DUI for “Sleeping it off” in the Car


Many people are under the mistaken belief that a person can be arrested, charged, and convicted of a California DUI for sleeping in a vehicle while drunk without actually haven driven the vehicle. While this is the case in other, what are called, “dominion and control” states, California law requires that the person actually drive a vehicle.

All crimes, including DUI, have “elements.” Elements are facts that must be present for the person to be convicted of that crime. In California, driving a vehicle is an element to the crime of DUI.

In 1991, the California Supreme Court in the case of Mercer v. Department of Motor Vehicles held that the word “drive” in California’s DUI law means that the defendant volitionally and voluntarily moved the vehicle. The court has held that even a “slight movement” is enough to meet the element of driving.

So does the officer actually have to witness a slight movement of the vehicle to arrest a person for a California DUI? Unfortunately, no.

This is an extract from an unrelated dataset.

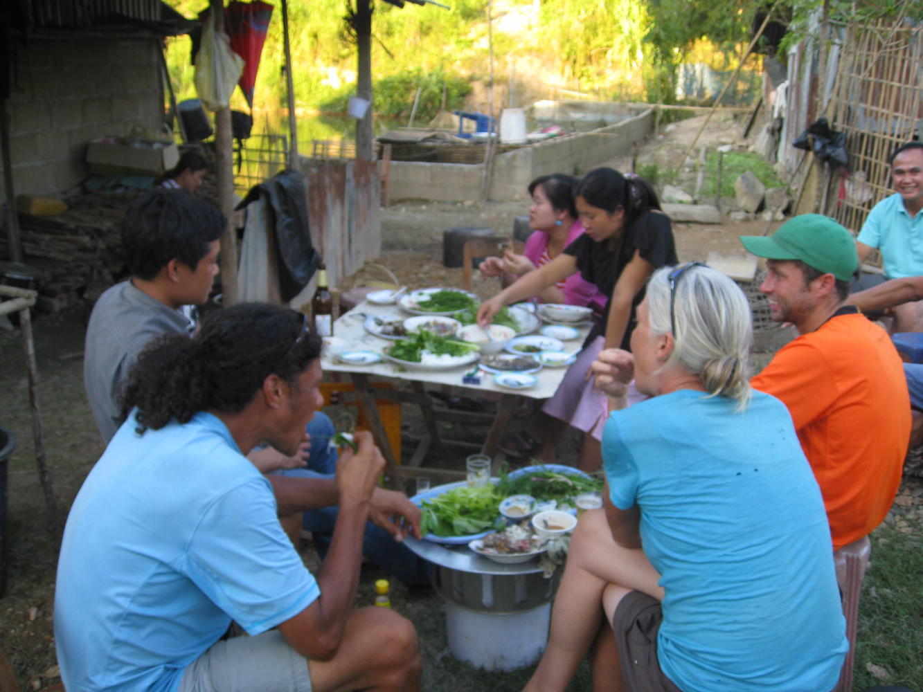 Suzy, Dino, Dea and I consulted as to whether we should stay or go. If we were going to do anymore cycling we were certainly going to need to leave soon, the point of no return was fast approaching. Needless to say we went nowhere. I was having too much fun now. By the time I had myself two eyes, two legs and an arm we moved outside where I think we were all surprised to see it was still broad daylight. There was a big pond behind the house where the family bred fish for eating and selling and the fish that we were promised was soon grilled and served to us. Of course I abstained, and took the opportunity to learn more of the Lao language from Nuan, scribbling everything he told me furiously onto a piece of paper. With The Chief having gone to lie down somewhere I attempted to build some bridges with the rest of the family, and they seemed to appreciate my albeit quite slurred attempts to communicate with them in their own language.

Through circumstantial evidence, a prosecutor can prove that person drove their vehicle without the officer actually witnessing the vehicle moving.

This is typically done when the officers find the vehicle at or close to the scene of an accident or when the officers find the vehicle in the middle of the road. Under either of these circumstances, often is the case that the driver is asleep in the vehicle and the officer does not actually see any movement of the vehicle.

If, however, the officers find a person asleep in a vehicle while under the influence and there are no other facts that would indicate that the driver recently drove the vehicle, the person cannot be arrested, charged, or convicted of a California DUI. An example of this would be when an officer finds an intoxicate person asleep in a vehicle that is parked in a driveway or parking lot. The office can, however, arrest the person for being drunk in public.

As I mentioned earlier, California is different than dominion and control states. In a dominion and control state, if a person is found asleep in a vehicle and they have dominion and control of the vehicle with the ability to drive, they can be arrested for a DUI in that state.